Work instructions: Look below for the line that contains "Таблица выплат African Sunset 2" and the line that contains "当然,你也可以在靠窗跟门垛位", then restate both of them and every line in between, exactly. No picture goes in the copy.

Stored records
___

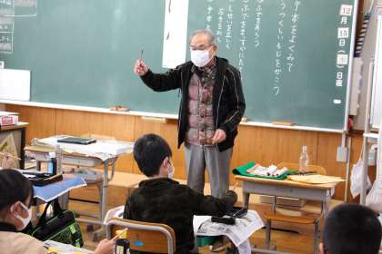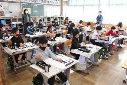 3年生の書写の様子をお知らせします。本日も書写ボランティアさんに指導を仰ぎました。一人一人に、名前の見本も書いていただき、細筆の使い方を中心に学びました。
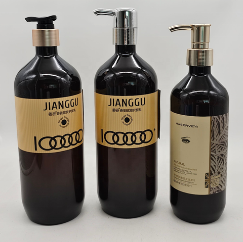 Bottiglia vuota rotonda ambra trasparente in plastica cosmetica bottiglia all'ingrosso 300ml 500ml Shampoo oro pompa bottiglia
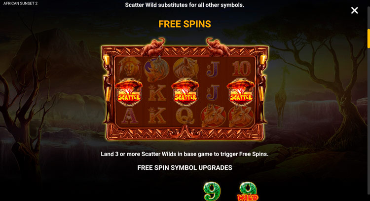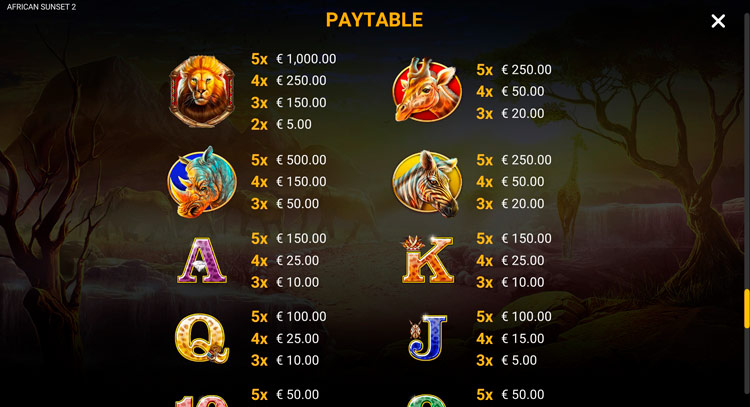 Таблица выплат African Sunset 2
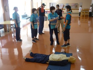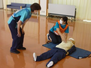 訓練内容は、人が倒れているときにどの様に対応すればよいか、個々で考え行動するという内容でした。
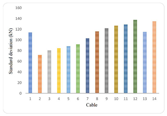 where is the percent difference, is measured value, and is referenced value. Figure 3 illustrates the tension force values for all the cables in semi-harp number 5, with a standard deviation that covers ±5% of the total tension force. Meanwhile, Figure 4 depicts the relationship between the percentage of total tension (5%) and the standard deviation.
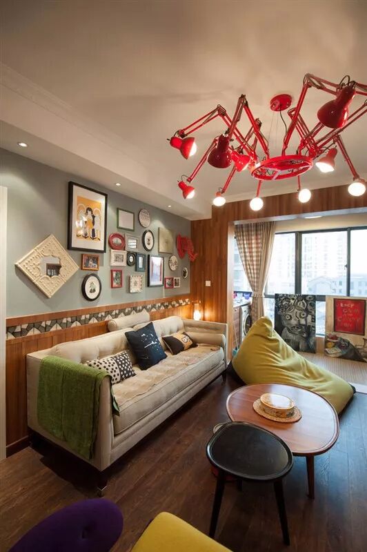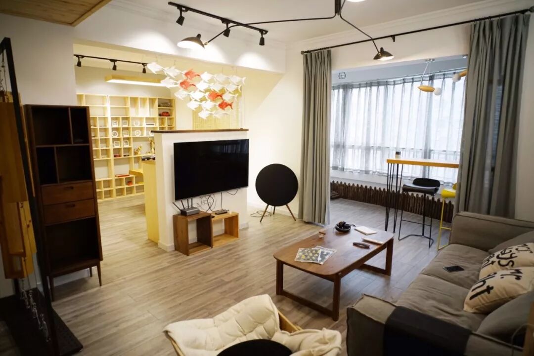 当然,你也可以在靠窗跟门垛位置都挂上窗帘,这样灵活控制的设计,整体设计更加有趣。
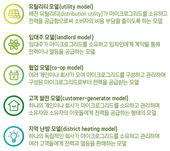 우선 마이크로 그리드는 다루는 전력의 크기에 따라 주거용, 소상업용, 상업용으로 구분됩니다. 그리고 용도에 따라서는 군사용, 캠퍼스용, 커뮤니티용 마이크로 그리드 등으로 구분할 수 있는데요. 또한 동작 모드에 따라서는 계통 연계형, 독립형으로 구분되기도 합니다. 미국의 에너지국은 마이크로 그리드의 소유자에 따른 소유 모델(Ownership Model)을 정의하기도 했는데요. 그 소유 모델은 다음과 같이 나눌 수 있습니다.
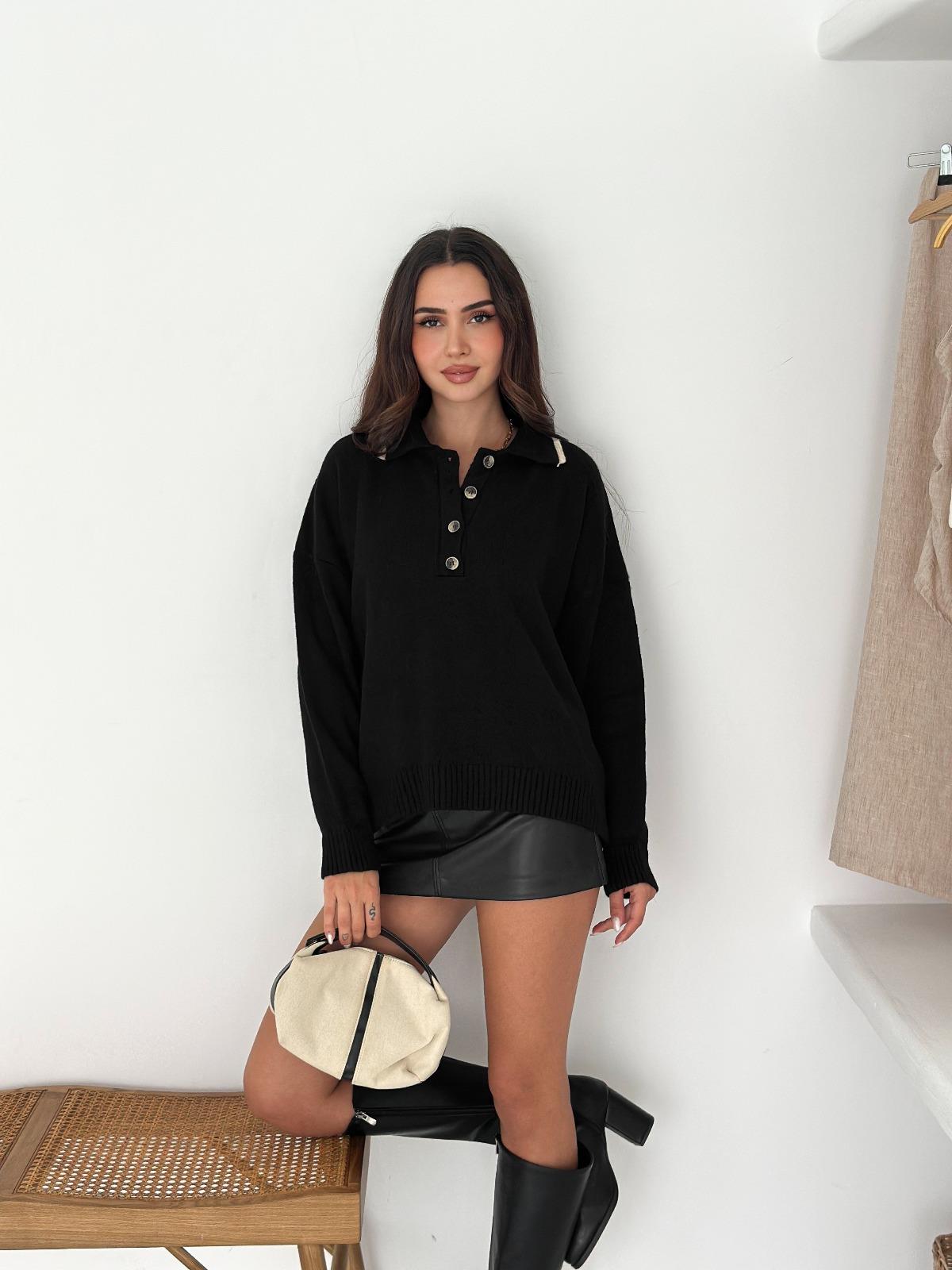 Klasik düğme detayı ve kontrast yaka hattı, kazağa modern bir dokunuş kazandırır.

___

Task response:
 Таблица выплат African Sunset 2
 訓練内容は、人が倒れているときにどの様に対応すればよいか、個々で考え行動するという内容でした。
 where is the percent difference, is measured value, and is referenced value. Figure 3 illustrates the tension force values for all the cables in semi-harp number 5, with a standard deviation that covers ±5% of the total tension force. Meanwhile, Figure 4 depicts the relationship between the percentage of total tension (5%) and the standard deviation.
 当然,你也可以在靠窗跟门垛位置都挂上窗帘,这样灵活控制的设计,整体设计更加有趣。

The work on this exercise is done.